[Dataset excerpts — start]

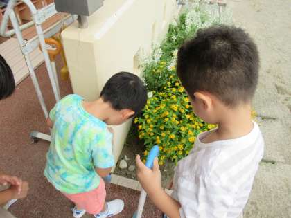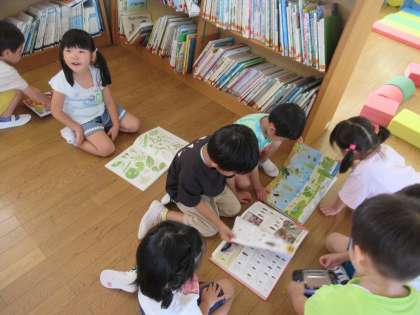カマキリを見つけたよ!(たんぽぽ組) 公開日 2021/09/15 更新日 2021/09/15 1日の生活 9月14日(火) 今日は園長先生が園内でカマキリを見つけ、見せてくれました。みんなでカゴの中に入れて「どうする?」「何食べるのかな?」「調べてみようか」とみんなで図鑑で調べてみると“いろいろな昆虫”と書いてあり、虫探しをしましたが、なかなか見つけられず…。明日はピーターパン広場に虫アミを持っていこう!と話していた子供たちです。
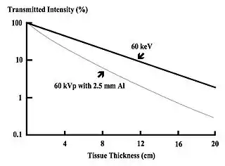 Fig. 1.16: Attenuation in tissue for 60 keV monoenergetic photons and for a 60 kVp polychromatic X-ray beam filtered by 2.5 mm of aluminium.
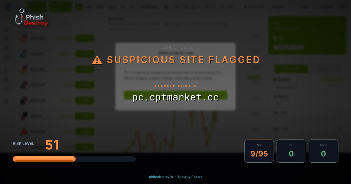 The domain pc[.]cptmarket[.]cc has been identified as a cryptocurrency phishing website. This malicious site targets Web3 users by mimicking legitimate crypto platforms to steal wallet credentials and digital assets.
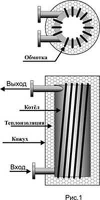 Создание индукционного котла, работающего на токах высокой частоты от преобразователя, позволило многократно снизить его габариты и вес. Для получения максимально возможного КПД и сведения магнитных полей вокруг котла к минимуму было решено применить тороидальную обмотку, намотанную на корпус котла, выполненного из двух вваренных одна в другую труб (рис. 1).
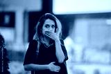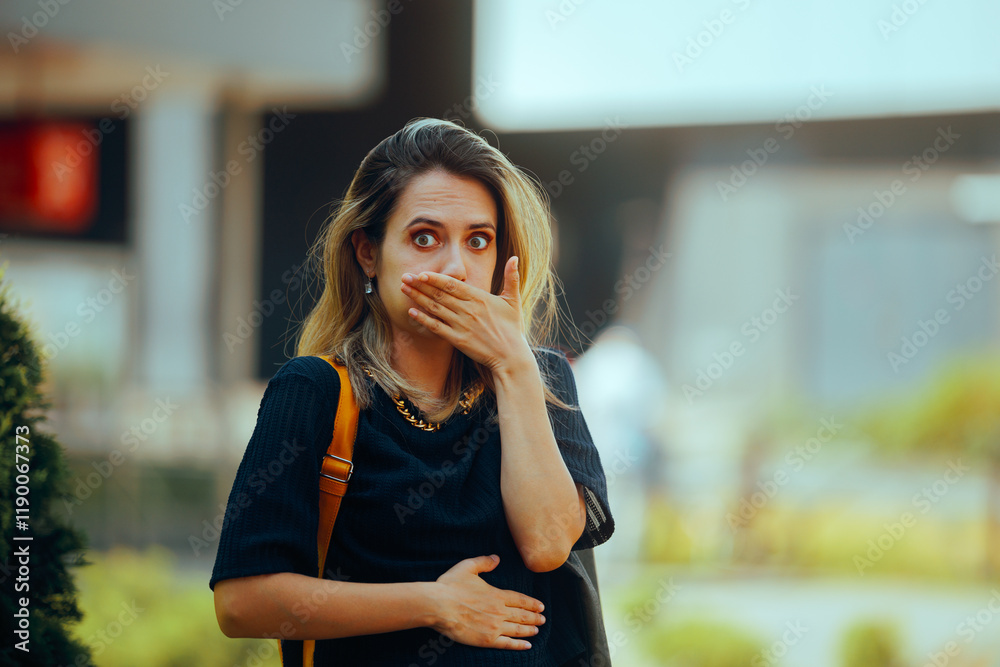 Sick Woman Feeling Nauseated Outdoors Manifesting Symptoms. Queasy pale lady being dizzy about to faint
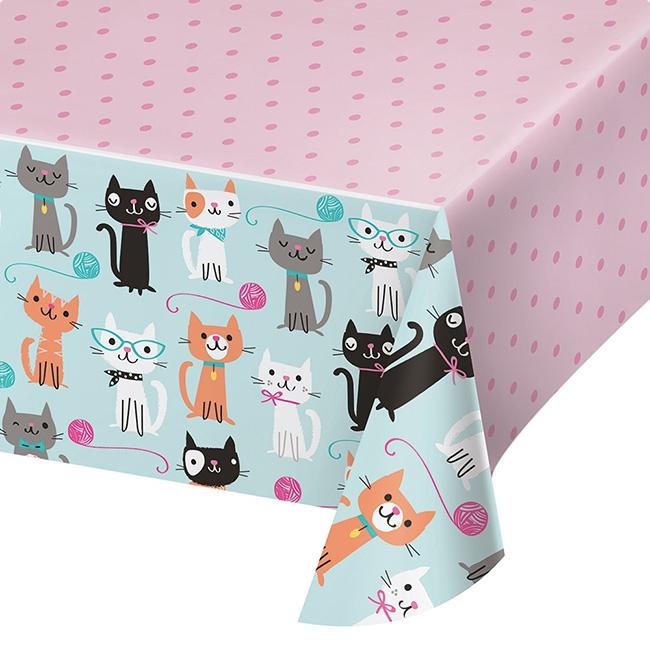 Die Tischdecke "Kleines Kätzchen Kitty" ist ca. 137 x 259 cm groß und besteht aus einseitig bedruckter Kunststofffolie. So kann man kleine Missgeschicke einfach wegwischen. Die Mitte der Tischdecke ist rosa und mit Punkten in einem dunkleren Rosa verziert. Der Türkise Rand ist mit einer ganzen Schar niedlicher Katzen bedruckt.
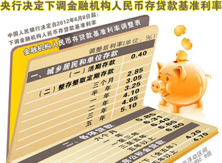 | 中國人民銀行決定,自2012年6月8日起金融機(jī)構(gòu)一年期存款基準(zhǔn)利率和一年期貸款基準(zhǔn)利率均下調(diào)0.25個百分點(diǎn),其他各檔次存貸款基準(zhǔn)利率及個人住房公積金存貸款利率相應(yīng)調(diào)整。 |
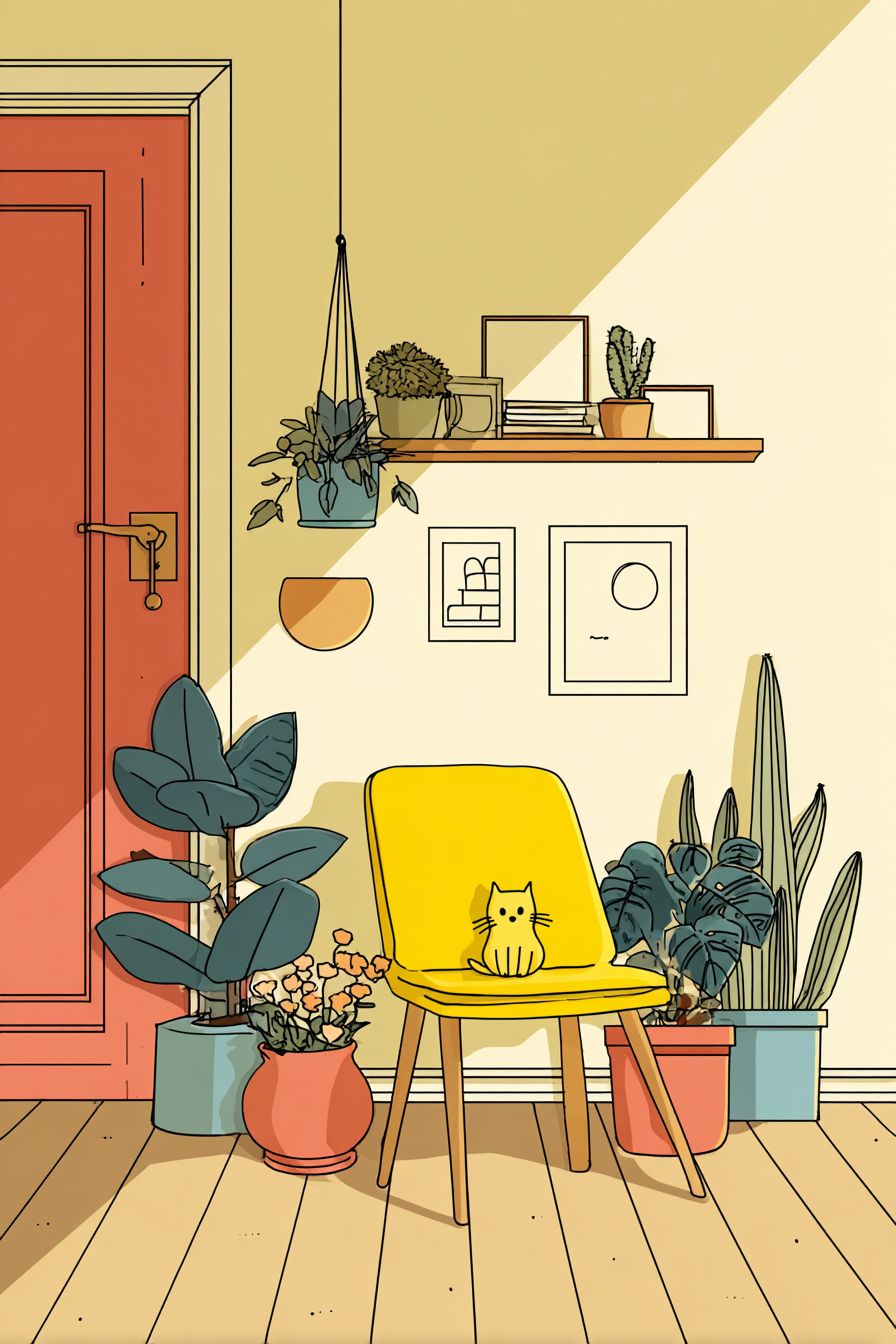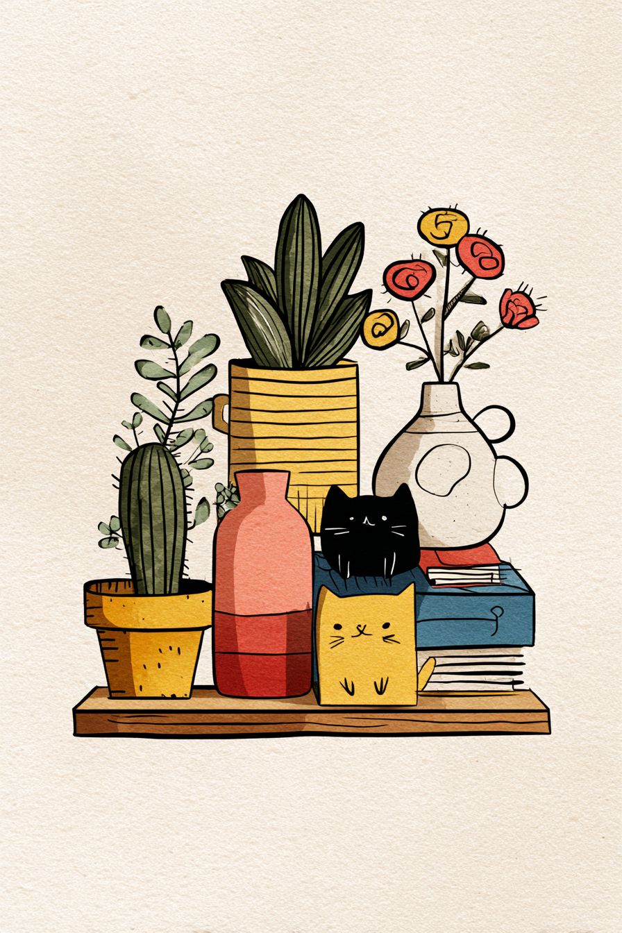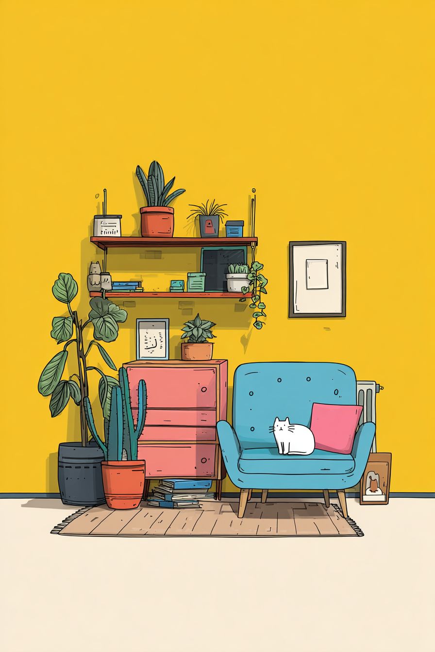 Hand-drawn cartoon illustration with a minimalist home decor. The overall composition is simple, filled with a lively, friendly, and playful atmosphere. --ar 2:3 --v 7.0
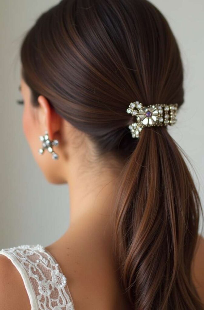 Add winter sparkle to your sleek ponytail by incorporating subtle hair jewelry like clips, cuffs, or decorative pins. This style transforms a simple ponytail into a chic winter accessory, ideal for holiday photos, date nights, or seasonal festivities. Hair jewelry adds personality without sacrificing the clean structure of your ponytail. It also complements winter’s metallic tones—silver, gold, and rose gold—enhancing your overall seasonal vibe.
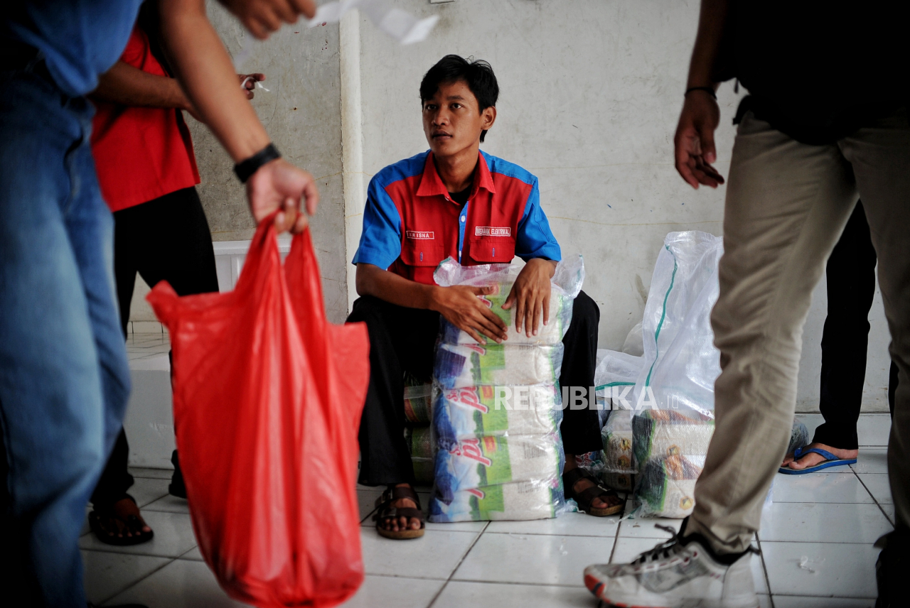Petugas merapikan dagangan sebelum mendistribusikan pangan bersubsidi di Rumah Susun Jatinegara Kaum, Rabu (11/5/2022). Dinas Ketahanan Pangan, Kelautan dan Pertanian (KPKP) menggelar subsidi pangan bagi warga penghuni rusun di seluruh DKI Jakarta setiap | Republika/Thoudy Badai

[Dataset excerpts — finish]

Assignment: Begin with the line containing "Sick Woman Feeling" and end with the last line of the material above; return exactly those lines, both ends included, and omit all pictures.

Problem solution:
 Sick Woman Feeling Nauseated Outdoors Manifesting Symptoms. Queasy pale lady being dizzy about to faint
 Die Tischdecke "Kleines Kätzchen Kitty" ist ca. 137 x 259 cm groß und besteht aus einseitig bedruckter Kunststofffolie. So kann man kleine Missgeschicke einfach wegwischen. Die Mitte der Tischdecke ist rosa und mit Punkten in einem dunkleren Rosa verziert. Der Türkise Rand ist mit einer ganzen Schar niedlicher Katzen bedruckt.
 | 中國人民銀行決定,自2012年6月8日起金融機(jī)構(gòu)一年期存款基準(zhǔn)利率和一年期貸款基準(zhǔn)利率均下調(diào)0.25個百分點(diǎn),其他各檔次存貸款基準(zhǔn)利率及個人住房公積金存貸款利率相應(yīng)調(diào)整。 |
 Hand-drawn cartoon illustration with a minimalist home decor. The overall composition is simple, filled with a lively, friendly, and playful atmosphere. --ar 2:3 --v 7.0
 Add winter sparkle to your sleek ponytail by incorporating subtle hair jewelry like clips, cuffs, or decorative pins. This style transforms a simple ponytail into a chic winter accessory, ideal for holiday photos, date nights, or seasonal festivities. Hair jewelry adds personality without sacrificing the clean structure of your ponytail. It also complements winter’s metallic tones—silver, gold, and rose gold—enhancing your overall seasonal vibe.
Petugas merapikan dagangan sebelum mendistribusikan pangan bersubsidi di Rumah Susun Jatinegara Kaum, Rabu (11/5/2022). Dinas Ketahanan Pangan, Kelautan dan Pertanian (KPKP) menggelar subsidi pangan bagi warga penghuni rusun di seluruh DKI Jakarta setiap | Republika/Thoudy Badai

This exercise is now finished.